California Gov. Gavin Newsom’s proposed new budget would cut funding for police as the state struggles with a massive deficit of at least $45 billion.
Last month, the Democrat unveiled his budget for the next fiscal year, admitting that “difficult decisions” are needed to address the state’s deficit, including a 1.6 percent reduction in overall funding for the Justice Department. state.
The proposed budget includes a cut of $97 million to trial court operations, $10 million to the Justice Department’s Law Enforcement Division and more than $80 million to the Department of Corrections and Rehabilitation, it was reported. FoxNews.
Newsom’s plan comes as major national stores and local businesses in California say they continue to face rampant theft. Videos of large-scale robberies, in which groups of people brazenly enter stores and steal products in plain sight, have often gone viral.
Crime data shows that the San Francisco Bay Area and Los Angeles saw a steady increase in shoplifting between 2021 and 2022. Statewide, shoplifting rates increased during the same period, but still were lower than pre-pandemic levels in 2019, while commercial burglaries and robberies have become more frequent in urban counties.
California Gov. Gavin Newsom’s proposed new budget would cut funding for police as the state struggles with a massive deficit of at least $45 billion.
Meanwhile, the number of homeless people rose 6 percent to more than 180,000 people in California last year, federal data show. And since 2013, the numbers have skyrocketed by 53 percent, with the state accounting for one-third of the entire homeless population in the United States.
The state’s criminal justice record, in which the number of violent crimes increased 27 percent between 2013 and 2022, and pickpockets doubled.
This is the second year in a row that the country’s most populous state faces a multimillion-dollar deficit. State revenues have continued to fall amid rising inflation and a slowdown in the state’s generally strong technology industry.
Officially, Newsom said the state’s deficit is $27.6 billion. But in reality, it’s closer to $45 billion if you include previous spending reductions that Newsom and the state Legislature agreed to in March.
Including reductions in public education spending, which Newsom has not included, the deficit would be even billions of dollars more, according to a recent analysis by the nonpartisan Legislative Analyst’s Office.
Newsom’s plan comes as major national stores and local businesses in California say they continue to face rampant theft and crime.
A spokesperson for Newsom told Fox News in a statement: ‘The budget proposes numerous ways to make government more efficient and reduce costs for taxpayers, including cuts to inmate spending.
“Since Governor Newsom took office in 2019, the state has made record investments in law enforcement, including $1.1 billion to fight crime, support police, and hold criminals accountable.”
So far, Newsom has not gutted some of his most striking policy gains, including free kindergarten for all 4-year-olds and free health insurance for all low-income adults, regardless of immigration status.
But as Friday’s proposal showed, Newsom is willing to undermine some of those promises to balance the budget.
While Newsom has not taken away anyone’s health insurance, he proposed that the state stop paying health care workers to care for about 14,000 disabled immigrants in their homes. That would save the state $94.7 million.
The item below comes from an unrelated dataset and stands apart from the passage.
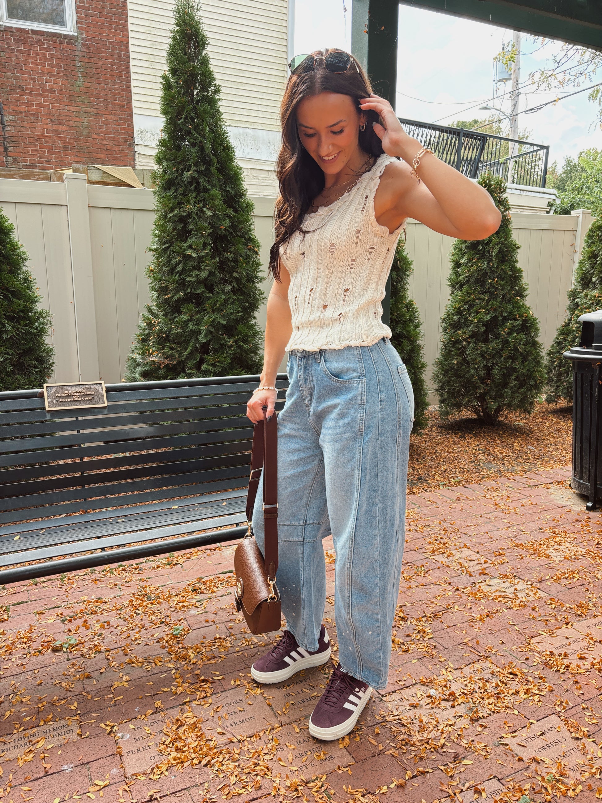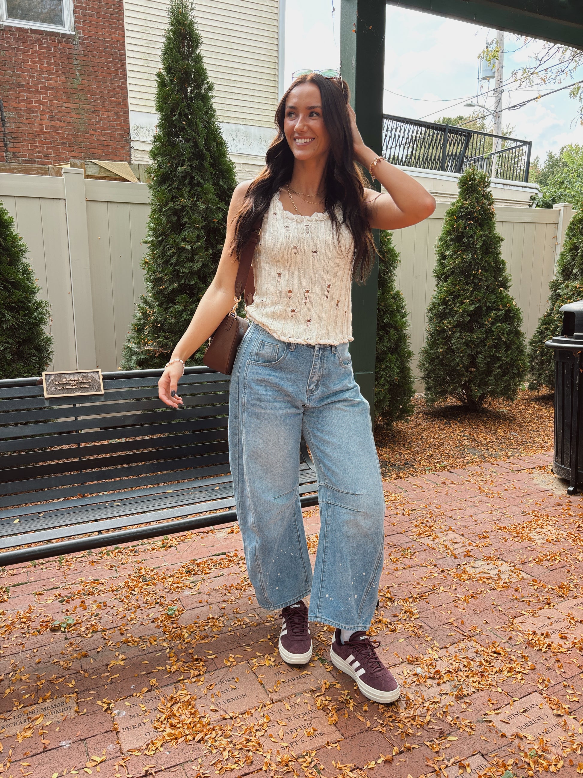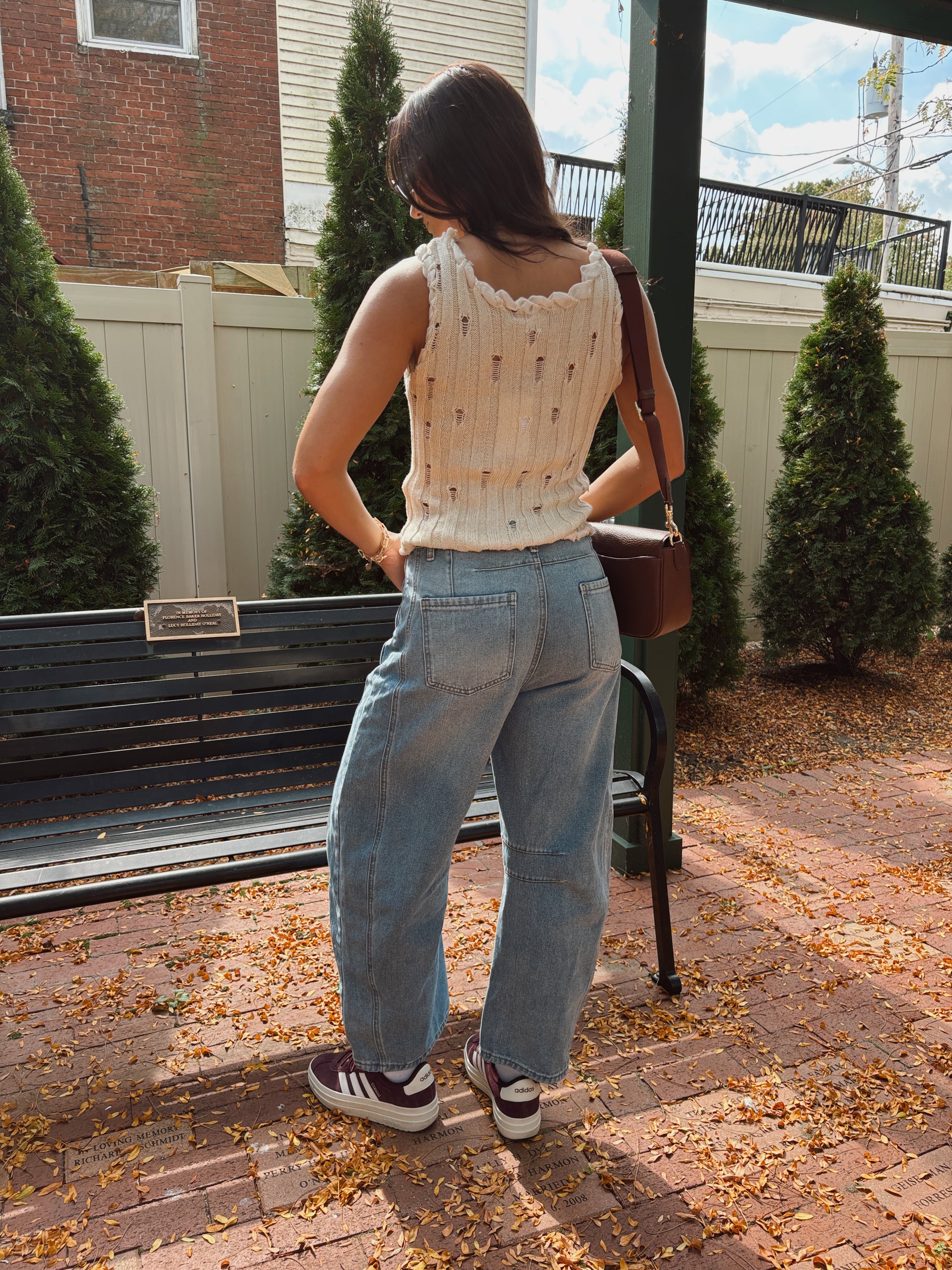 Tali tankis a sleeveless knit top features a relaxed, textured design with subtle distressed details, giving it a laid-back, boho vibe. The braided trim along the neckline and hem adds a touch of artisanal charm, making it a unique addition to your wardrobe. Perfect for pairing with denim or layering for a casual yet stylish look.

While he has not withdrawn the state’s commitment to expanding kindergarten, he proposed eliminating $550 million that would have helped school districts build the facilities they need to teach all those additional students.
After promising to pay for child care for another 146,000 children from low-income families, Newsom on Friday proposed stopping that expansion at 119,000. And after promising to increase the amount of money doctors receive to treat Medicaid patients, Newsom on Friday proposed canceling $6.7 billion that had been set aside for it.
Crime and high rates of homelessness persist in San Francisco, especially in the surrounding downtown area and the nearby Mission District. This year a man is seen sleeping outside the shopping center
In total, Newsom proposes $32.8 billion in cuts over two years, including eliminating 10,000 unfilled state jobs and an 8 percent cut in state operations, including things like eliminating landlines. He promised there would be no layoffs, furloughs or pay cuts for the state’s more than 221,000 state workers.
The size of the deficit matters as it will shape the national prospects for Newsom, who is a top surrogate in President Joe Biden’s re-election campaign and who is widely believed to harbor presidential aspirations of his own.
Newsom has spent much of his time in office basking in the glow of historic budget surpluses that allowed him to vastly expand state spending. But back-to-back budget shortfalls (and more are on the horizon) are testing California’s commitment to those increases.
Newsom had enjoyed record surplus budgets of more than $100 billion during the COVID-19 pandemic. But the past two years have saddled him with a pair of multimillion-dollar deficits, a less welcome position for a governor seen as a potential future Democratic presidential candidate.